Buscando el ideal de la vida orientadora

Lo único que pude ver era un punto en movimiento frente a mí. Todo lo demás era de un blanco cegador. Simplemente no pierdas ese punto, me dije a mí mismo. Sigue moviendote. Un esquí delante del otro. Llevaba casi 10 días con estas botas de esquí. Debajo de mis capas de aislamiento y lana, alternaba entre congelarme hasta los huesos y sudar. Tenía miedo de perderme en esta nada por mi cuenta.

Finalmente, el punto se detuvo y aparecieron más puntos. Pude distinguir el color de las chaquetas de cada uno de mis compañeros de expedición. Conocí a Kaitlin por el púrpura, Luke por delante de ella por su verde lima. Quince de nosotros nos reunimos en algún lugar de Horse Mountain en Wyoming Range. No pudimos ver la cumbre, así que reclamamos el punto de cambio y estallamos en celebración. Profundas carcajadas rugieron a través del sonido del viento rasgando las capas de Gore-Tex. Nos abrazamos para mantenernos erguidos y cantamos desafinados: «¡No hay montaña lo suficientemente alta!» En ese momento, con esa gente, estaba en casa.

cueva de nieve
Skylar Bullock, Vicky Cooley, Kacie Planavsky, Erin Phillips, Abi Ruksznis, Kaitlin Emig y Keeka Grant en una de las cuevas de nieve compartidas por cuatro estudiantes cada una. (Foto: Erin Phillips)

Pasé 89 días con esos otros 14 en un curso de la Escuela Nacional de Liderazgo al aire libre (NOLS). Llegamos a conocernos a una profundidad que nunca antes había experimentado y, a partir de ese momento, me enganché a la cultura al aire libre. Con demasiada prisa, en el día 90, abordamos aviones y nos dispersamos por todo el país.

El curso de NOLS me llevó a comenzar a trabajar como guía de temporada y en trabajos de terapia en la naturaleza. Con el tiempo, pasé casi todos mis 20 años moviéndome en busca de aventuras, lo salvaje, allá. Viví fuera de los vehículos para la impermanencia intencional y cambié de trabajo, amigos y estado casi cada temporada. Cada trabajo era la siguiente gran aventura, desde ir de mochilero y escalar rocas con adolescentes en Utah hasta navegar en kayak de mar y escalar glaciares con vacacionistas en Alaska. El ciclo era el mismo: el subidón y el sentido de propósito que surgieron al trabajar la temporada, y el subidón que siguió.

erin phillips
El autor busca escaladas en Potash Road, Moab, Utah. (Foto: Elliot Carr)

Los paisajes salvajes me atrajeron. Incluso con sus peligros objetivos, se sentían más seguros que el entorno suburbano en el que había crecido. Al aire libre podía predecir y prepararme para situaciones peligrosas. Fue la vida a puertas cerradas lo que me mantuvo viviendo en un constante estado de alerta. Las montañas, los ríos, los océanos y los cañones eran indiferentes a quién era yo y si estaba actuando o quieto. Sin juicio, sin comparación. Solo ahora, llegando a los 30 y habiéndose alejado de la guía a tiempo completo, me doy cuenta de que estaba corriendo, rebelándome y buscando esa sensación de estar en casa, una y otra vez en los lugares que guiaba.

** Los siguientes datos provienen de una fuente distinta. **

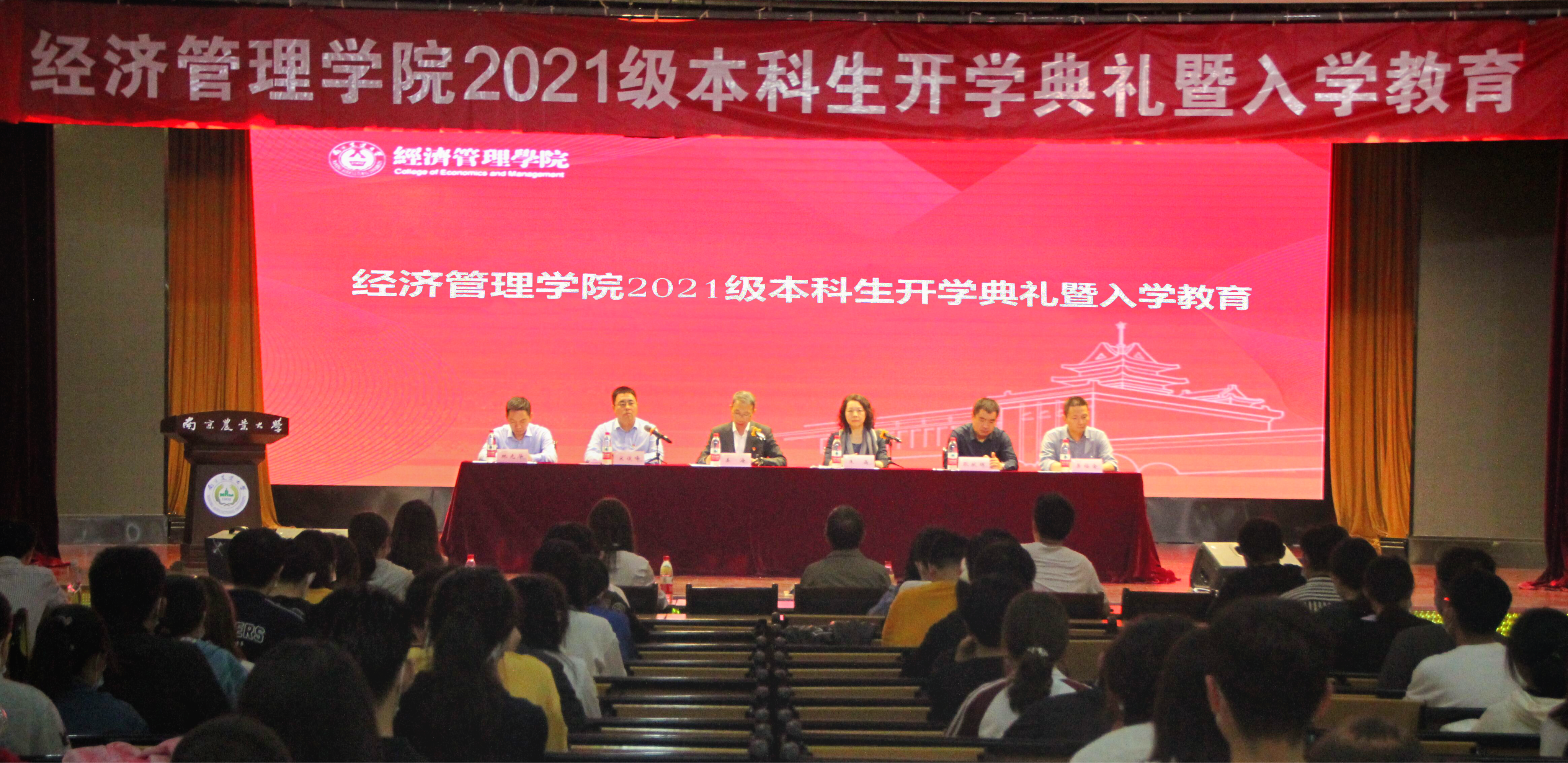 2021年10月14日,437必赢会员中心2021级本科生开学典礼暨入学教育在浦口校区大学生活动中心举行。院党委书记姜海、院长朱晶、院党委副书记宋俊峰、副院长耿献辉、林光华、易福金,管理系主任何军出席本次活动。本科生辅导员与全院246名2021级本科生新生共同参与。活动由宋俊峰主持。

Al crecer, nunca había sentido que pertenecía. La comunidad en la que nací parecía valorar encajar en lugar de ser creativo, ser amable en lugar de ser honesto y hacer lo que te dicen. Me sentí definido por la belleza externa percibida, los títulos, el atletismo y los objetivos profesionales. Parecía como si todos los adultos a mi alrededor me hicieran preguntas sobre cómo me estaba yendo en la escuela y los deportes, y sobre los planes para mi futuro. Nunca sobre quién era realmente o qué quería. Otros de mis compañeros parecían encajar perfectamente, y me preguntaba qué me pasaba. Las capas de fingir lo llevaron a sentirse como un impostor.

erin phillips
Jenny Grischuk camina desde Mount Alice hacia su casa en Seward, Alaska. (Foto: Erin Phillips)

Así que después de la universidad, empaqué y conduje desde Maryland hacia el oeste, razonando que cuanto más me alejara de la vida que conocía, más me acercaría a la que quería. Lo que no sabía en ese momento es que la rebelión “es tanto como una jaula como lo es la obediencia”, como escribió Glennon Doyle en su libro Salvaje. “Ambos son una reacción al camino de otra persona en lugar de allanar el tuyo”.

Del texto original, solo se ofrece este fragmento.